O pesquisador também aponta que essas medidas buscam soluções imediatas e de curto prazo, mas alerta que isso não é suficiente para a recuperação financeira das famílias. “A maior parte dessas propostas é do tipo realmente emergencial, mas vai mitigar o sofrimento de curto prazo. Além desse socorro emergencial, o mais importante é reconstruir a capacidade financeira das famílias atingidas. Isso envolve, então, medidas de médio e longo prazo, principalmente de auxílio financeiro”, afirma Cerqueira. “Isso envolve políticas mais bem estruturadas desenvolvendo federativamente municípios e estados do Sul com o governo federal, no sentido de criar condições para a recuperação financeira das famílias e das empresas atingidas por essa tragédia”, completa.

“A maior parte dessas propostas é do tipo realmente emergencial, mas vai mitigar o sofrimento de curto prazo. Além desse socorro emergencial, o mais importante é reconstruir a capacidade financeira das famílias atingidas. Isso envolve, então, medidas de médio e longo prazo, principalmente de auxílio financeiro”

Adriano Cerqueira, Professor da Ufop


Como mostrou o Estado de Minas na edição de domingo (12/5), a falta de direcionamento de recursos às questões ambientais expõe a necessidade de políticas públicas voltadas para a prevenção e o enfrentamento às mudanças climáticas e aos desastres naturais. Conforme apurado pelo EM com base em dados da Lei Orçamentária Anual (LOA) de 2024, somente 2,2% do valor total das propostas feitas por deputados federais e senadores tratam diretamente de políticas públicas envolvendo o tema.


Deputados gaúchos

A bancada de deputados federais do Rio Grande do Sul realizou ontem reunião para definir os projetos prioritários voltados para a recuperação do estado.

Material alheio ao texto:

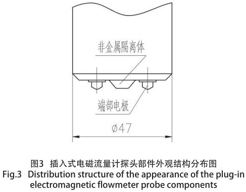 通過大量的試驗,對探頭端部外型結構亦采用特殊設計,從而消除兩個電極之間的擾流現(xiàn)象,同時亦消除因通電產生磁場,導致兩個電極吸附介質中的鐵屑而影響測量精度和死區(qū)效應,增強了輸出信號的穩(wěn)定性,從而提高傳感器準確度和抗干擾性。通過結構的優(yōu)化設計,使用壽命更長,dn80泥漿流量計探頭局部,如圖 3 所示。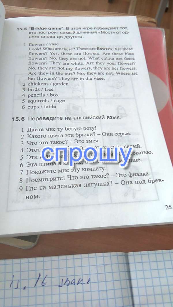 1.Give me that white rose!2. What color are these pants-They are gray.3.What is it-It was a snake.4. This kitten is white,and one grey kitten.5. These books are on the table,and those books under the bed.6.The bird in the cage and those birds on the street.7.Show me this room.8. Look!What is it -Its a violet.9. Where is little frog-Its under a log

O acordo é que a comissão externa sobre os danos causados pelas enchentes reúna as principais iniciativas e encaminhe na reunião de hoje de líderes da Câmara dos Deputados. As iniciativas poderão ser votadas prioritariamente. Até o momento, os deputados apresentaram 117 projetos, que deverão passar por uma triagem.


Entre as medidas estão a criação de auxílio emergencial para a população afetada, linha de crédito para a compra de móveis da chamada linha branca, auxílio para empresários do transporte público e a discussão sobre um posicionamento da bancada a respeito da suspensão da dívida do Rio Grande do Sul com a União por 36 meses, com perdão dos juros por igual período, anunciada pelo governo federal. A expectativa é que o projeto de lei complementar (PLP), encaminhado na segunda-feira pelo governo, seja votado ainda nesta semana, informou o presidente da Câmara, Arthur Lira (PP-AL).

 

 

A previsão é que o estado deixe de pagar nesse período cerca de R$ 11 bilhões em parcelas da dívida e R$ 12 bilhões em juros. Os valores devem ser usados em ações de reconstrução do estado. “São R$ 23 bilhões, dos quais R$ 11 bilhões seriam usados diretamente para a reconstrução do estado. Isso é muito importante para, de fato, ter um plano de reconstrução do estado”, disse o deputado Bohn Gass (PT-RS).